The three-hour-long meeting between Biden and Xi was the most important bilateral at Bali. The unusually long meeting and the conspicuous absence of fireworks from both sides indicated that the two countries could be warming up to each other.
A thaw between the two countries is crucial for avoiding the next conflict, possibly in the Taiwan Straits. Biden’s statement after the bilateral that there may not be any immediate conflict pointed to the possible de-escalation of tensions in the South China Sea in the coming months. Although it will be inane to think that Xi would disclose his roadmap on Taiwan to the US, one interesting factor appears to be coming into play in the relations between the two leaders.
As President Obama’s deputy, Biden had visited Beijing in 2011 and was hosted by Xi, who was his counterpart then in China. They spent six days together, travelling to various engagements including a visit to Chengdu in the Sichuan province. They developed a cordial relationship during that visit, which appears to be coming in handy a decade later for both leaders to take some baby steps in the right direction.
After months of party intrigue that led to much gossip including his possible house arrest, President Xi came to Bali betraying a different agenda. He looked determined to end the post-pandemic isolation of China in the world. He got into a flurry of bilaterals with leaders of at least eight important countries, including arch-rivals Japan and Australia, prompting some observers to comment that he was trying to shed the “wolf warrior” image of his country’s diplomacy.
Prime Minister Modi had a brief bump in with Xi at the dinner on the first day of the summit.
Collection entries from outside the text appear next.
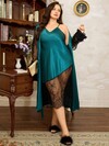SilkySpell 加大码奢华 3D 荷叶边拼接透明蕾丝长袍/睡衣,度假风
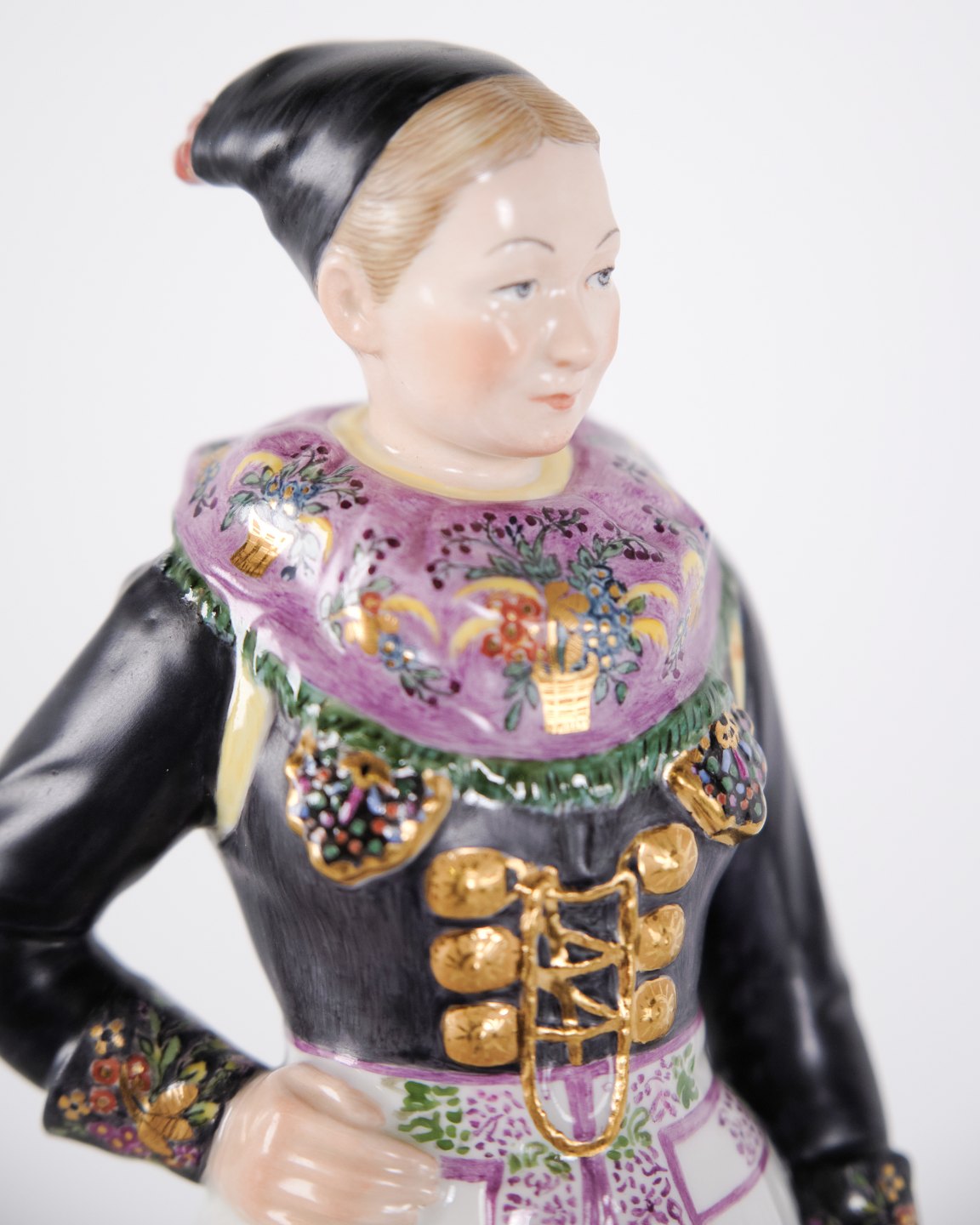 Figuren er udført i porcelæn med overglasurdekoration og fremstår som 1. sortering i hel og fin stand.
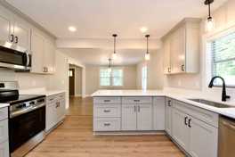 The interior boasts warm-toned flooring, fresh neutral paint, and a sleek black-accented fireplace that gives the living space a stylish focal point. The open-concept kitchen stuns with stainless steel appliances, quartz countertops, soft-close cabinetry, and modern pendant lighting—perfect for cooking, gathering, or unwinding after a long day.
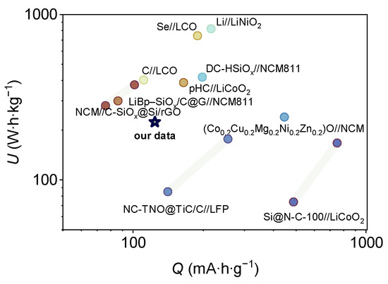 A comparison of the full cell energy density with the literature data for various anode systems (Figure 6) shows that the characteristics of the full cell are comparable with other oxide-based conversion anodes (e.g., (Co0.2Cu0.2Mg0.2Ni0.2Zn0.2)O [117]) on the one hand, and are at the lower end of the silicon and carbon-based anode series on the other hand. However, the complicated composition and specific reagents make the synthesis of such compounds labor-intensive, which would ultimately affect the economic attractiveness of the product.

But he carefully avoided any reference to India-China tensions in his comments, and focused on issues like food security, digitisation and healthcare. His articulation in different sessions enhanced India’s stature as the “voice of the Global South”. In a way, Modi tried to set the agenda for the next summit to be hosted by him by emphasising on “peace, harmony and security”.
The G20 presidency was to come to India in 2022, but got shifted to 2023, giving a breather to the Indian leadership from the heat of the Ukraine and Taiwan conflicts. But despite visible bonhomie between Biden and Xi, political developments in their countries indicate that the difficult days are not yet over. The return of Republican control to the US House means that Biden may see cuts being imposed on Ukraine spending. On the other hand, Xi has the unfinished agenda of installing his own government in March next year, until which time he may continue with his Taiwan hardline. That means Modi needs to deploy deft diplomacy into quick action so that the war clouds gathering over the horizon can be dispersed before the agenda for next year’s G20 starts rolling. He has already left his imprint on the Ukraine issue through his advice earlier that it was not the time for war, a line that the Bali declaration too borrowed from him saying “today’s era must not be of war”.
Modi described India as the “holy land of Buddha and Gandhi”, and wanted the next G20 summit in India to be the harbinger of “peace to the world”, a lofty goal befitting the summit’s motto of “One Earth, One Family, One Future”, albeit a daunting one.